Youden's index is often used in conjunction with Receiver Operating Characteristic (ROC) analysis.[2] The index is defined for all points of an ROC curve, and the maximum value of the index may be used as a criterion for selecting the optimum cut-off point when a diagnostic test gives a numeric rather than a dichotomous result. The index is represented graphically as the height above the chance line, and it is also equivalent to the Area under the Curve subtended by a single operating point.[3]
It is also known as deltap' [4] and generalizes from the dichotomous to the multiclass case as Informedness.[3]
An unrelated but more commonly used combination of basic statistics is the F-score, being the harmonic mean of recall and precision where recall = sensitivity = true positive rate, but specificity and precision are separate terms. The use of a single index is "not generally to be recommended",[5] but Informedness or Youden's index is the probability of an informed decision (as opposed to a random guess), and unlike F-score takes into account all cells of the contingency table and is thus a better choice in general.

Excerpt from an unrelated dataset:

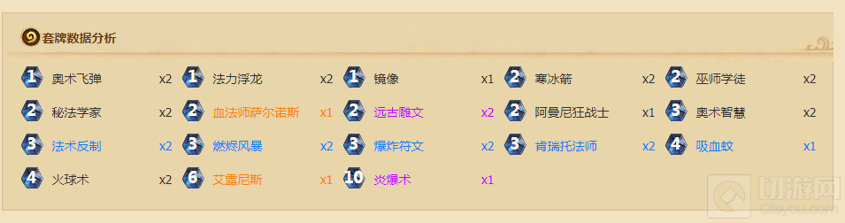 具有高度场合性,需要基于与其他的卡牌配合才能留下的卡包括:镜像/奥数智慧/爆炸符文/法术反制/远古雕文/燃烬风暴

Matthews correlation coefficient is the geometric mean of the regression coefficient of the problem and its dual, where the component regression coefficients of the Matthews correlation coefficient are Markedness (deltap) and Informedness (deltap').
References
- ↑ Youden, W.J. (1950). "Index for rating diagnostic tests". Cancer 3: 32–35. doi:10.1002/1097-0142(1950)3:1<32::aid-cncr2820030106>3.0.co;2-3.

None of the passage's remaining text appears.